Analysts Value SpaceX at Less Than Half Its IPO Target


TL;DR

  • IPO Target: SpaceX is reportedly pursuing a $75 billion IPO at a $1.75 trillion valuation.
  • Valuation Gap: Morningstar analysts value SpaceX at $780 billion, less than half the proposed target.
  • Investor Risk: Starlink revenue, launch dominance, xAI uncertainty, and SpaceX losses will shape public demand.
  • Market Timing: SpaceX is expected to price the IPO before a possible June 12 Nasdaq start.

Ahead of expected June 11 pricing, SpaceX’s possible record public share sale is moving toward a valuation fight as Morningstar values SpaceX at less than half the target. If the timetable holds, public investors will test the gap between SpaceX’s price ambition and an analyst estimate that has not moved with it.

What Public Investors Would Fund

Morningstar analysts Nicolas Owens and Suryansh Sharma put SpaceX’s fair value at $780 billion and gave the company a narrow economic moat rating. The combination matters because it challenges both parts of SpaceX’s IPO pitch: the price and the durability of the business behind it.

 

SpaceX’s proposed share sale now centers on a $1.75 trillion valuation and $75 billion raise if the deal prices as planned. Public investors face two linked questions: how much capital SpaceX can raise and whether the proposed price already assumes too much.

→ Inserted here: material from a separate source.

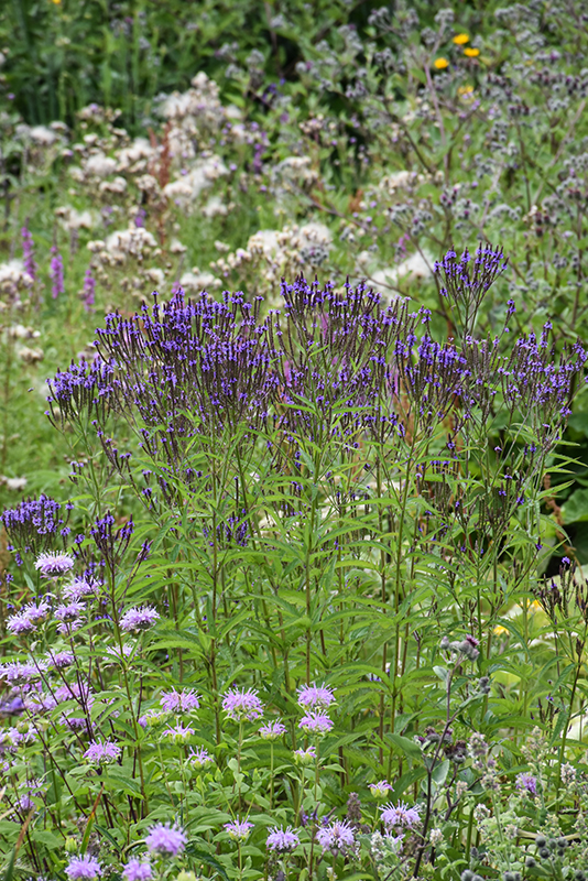 Blue Verbena will grow to be about 3 feet tall at maturity extending to 4 feet tall with the flowers, with a spread of 3 feet. When grown in masses or used as a bedding plant, individual plants should be spaced approximately 28 inches apart. Its foliage tends to remain dense right to the ground, not requiring facer plants in front. It grows at a fast rate, and under ideal conditions can be expected to live for approximately 5 years. As an herbaceous perennial, this plant will usually die back to the crown each winter, and will regrow from the base each spring. Be careful not to disturb the crown in late winter when it may not be readily seen!

The $75 billion raise is what puts the deal in record territory. Saudi Aramco raised $25.6 billion in its 2019 IPO, still the benchmark for a public offering; SpaceX would be seeking almost three times that amount if the deal prices as planned. At that size, the IPO would be judged on the cash SpaceX brings in as well as on the price public investors accept.

SpaceX would reach the $75 billion target by issuing 556 million new shares at $135 each. Because those would be primary shares, the money would go to SpaceX rather than to existing holders selling stock. The listing would give the company growth capital, while leaving public investors to judge whether the valuation already prices in too much of that growth.

That judgment could reach beyond institutional buyers. SpaceX is considering reserving as much as 30% of the offering for retail investors, widening exposure to a deal built around both heavy losses and Starlink’s growth story.